[Start of Attachment]

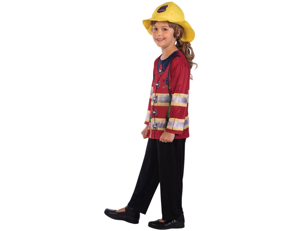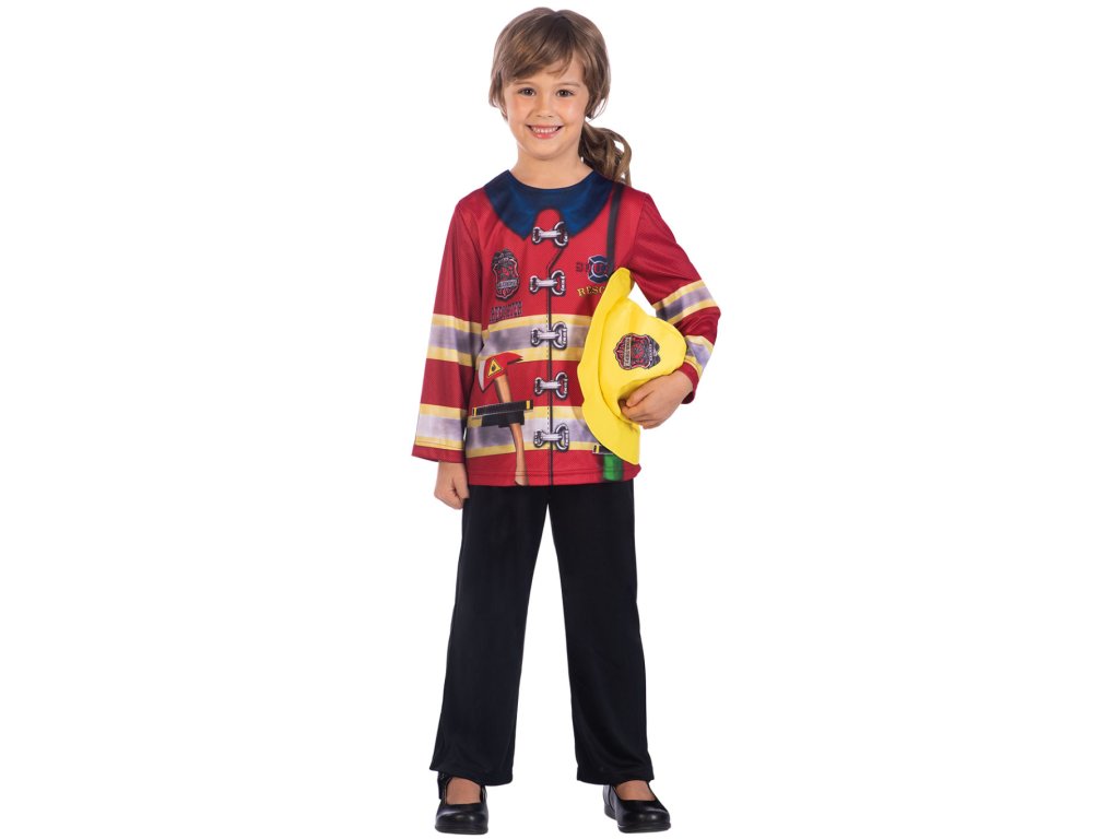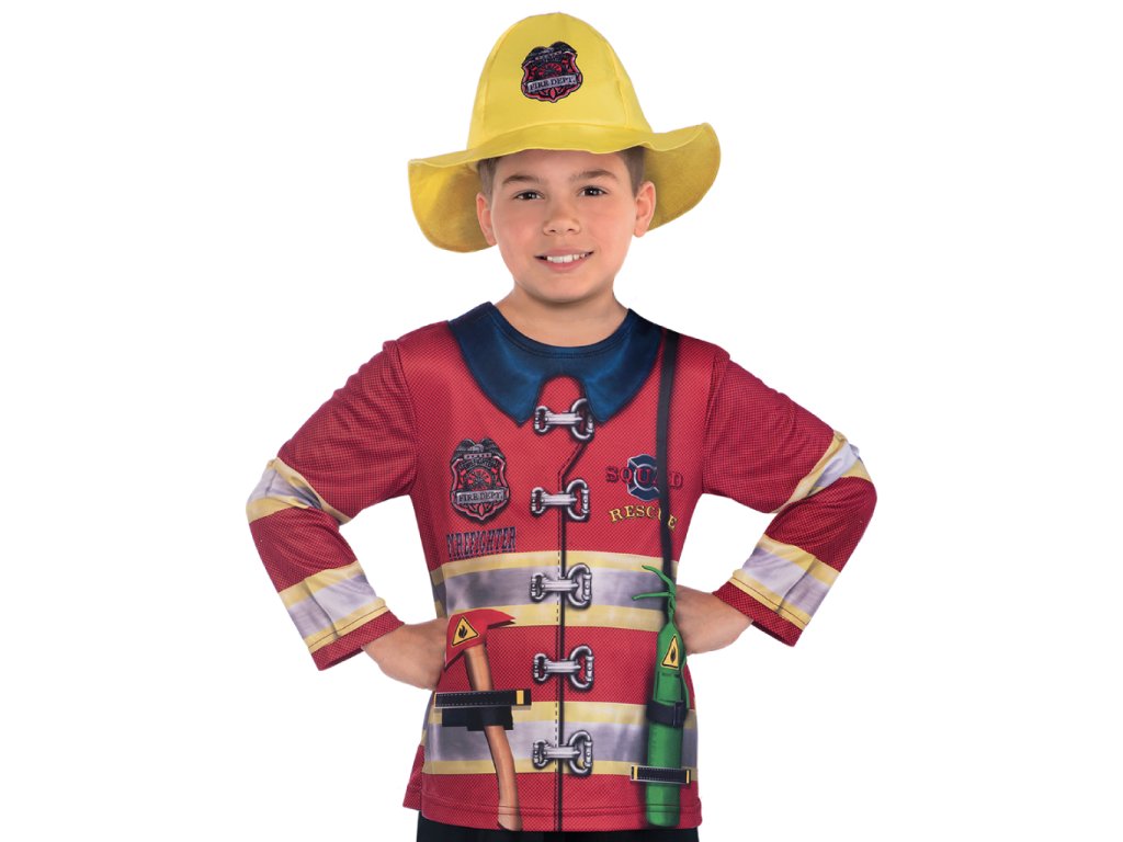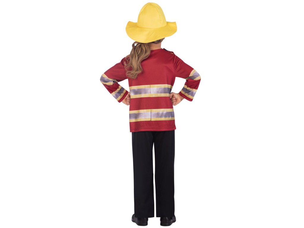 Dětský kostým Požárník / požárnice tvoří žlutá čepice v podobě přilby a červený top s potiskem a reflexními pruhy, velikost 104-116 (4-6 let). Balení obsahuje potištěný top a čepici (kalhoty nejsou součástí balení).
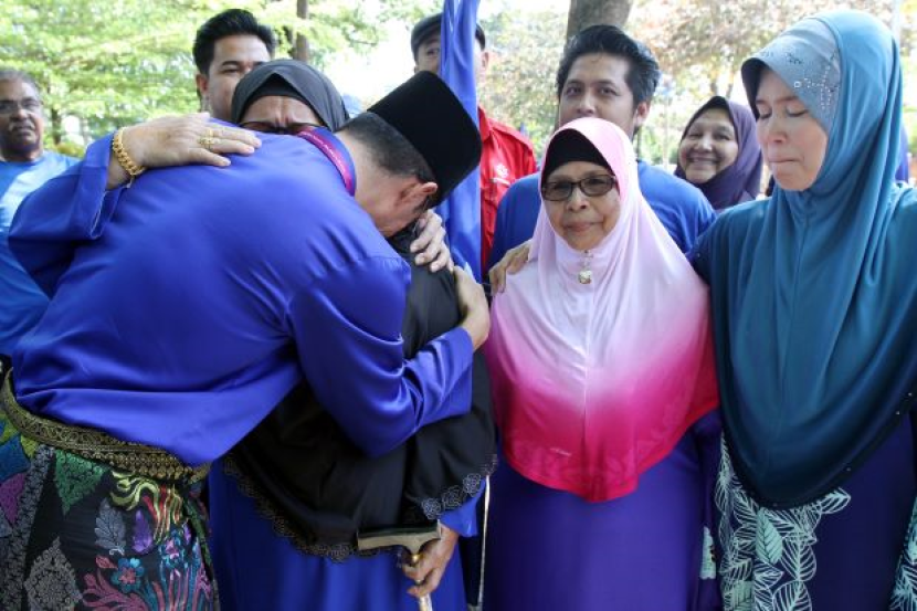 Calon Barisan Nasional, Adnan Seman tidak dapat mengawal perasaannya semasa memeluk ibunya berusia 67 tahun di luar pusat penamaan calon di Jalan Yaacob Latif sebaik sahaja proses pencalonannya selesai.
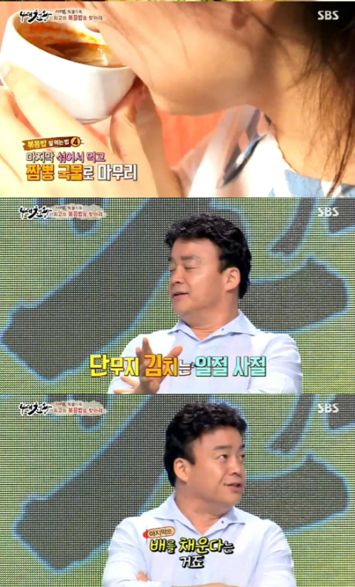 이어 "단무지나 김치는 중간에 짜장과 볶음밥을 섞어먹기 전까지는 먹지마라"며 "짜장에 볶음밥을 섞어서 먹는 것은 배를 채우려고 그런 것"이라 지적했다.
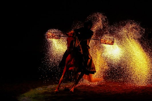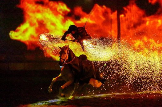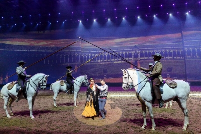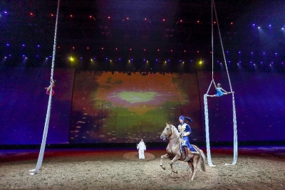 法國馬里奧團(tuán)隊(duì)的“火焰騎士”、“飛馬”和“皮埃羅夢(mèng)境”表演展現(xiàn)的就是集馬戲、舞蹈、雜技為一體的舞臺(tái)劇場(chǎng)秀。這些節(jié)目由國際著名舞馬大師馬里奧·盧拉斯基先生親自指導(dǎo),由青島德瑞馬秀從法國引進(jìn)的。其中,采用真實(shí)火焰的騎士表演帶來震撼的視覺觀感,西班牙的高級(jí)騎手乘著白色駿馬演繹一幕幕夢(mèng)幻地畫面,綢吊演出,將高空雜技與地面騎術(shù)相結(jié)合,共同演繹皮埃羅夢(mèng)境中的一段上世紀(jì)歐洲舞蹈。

[End of Attachment]

» DIRECTIONS
Only the pictures stay behind; everything else in the data above is to be retyped exactly.

» THE COMPLETED TASK
 Dětský kostým Požárník / požárnice tvoří žlutá čepice v podobě přilby a červený top s potiskem a reflexními pruhy, velikost 104-116 (4-6 let). Balení obsahuje potištěný top a čepici (kalhoty nejsou součástí balení).
 Calon Barisan Nasional, Adnan Seman tidak dapat mengawal perasaannya semasa memeluk ibunya berusia 67 tahun di luar pusat penamaan calon di Jalan Yaacob Latif sebaik sahaja proses pencalonannya selesai.
 이어 "단무지나 김치는 중간에 짜장과 볶음밥을 섞어먹기 전까지는 먹지마라"며 "짜장에 볶음밥을 섞어서 먹는 것은 배를 채우려고 그런 것"이라 지적했다.
 法國馬里奧團(tuán)隊(duì)的“火焰騎士”、“飛馬”和“皮埃羅夢(mèng)境”表演展現(xiàn)的就是集馬戲、舞蹈、雜技為一體的舞臺(tái)劇場(chǎng)秀。這些節(jié)目由國際著名舞馬大師馬里奧·盧拉斯基先生親自指導(dǎo),由青島德瑞馬秀從法國引進(jìn)的。其中,采用真實(shí)火焰的騎士表演帶來震撼的視覺觀感,西班牙的高級(jí)騎手乘著白色駿馬演繹一幕幕夢(mèng)幻地畫面,綢吊演出,將高空雜技與地面騎術(shù)相結(jié)合,共同演繹皮埃羅夢(mèng)境中的一段上世紀(jì)歐洲舞蹈。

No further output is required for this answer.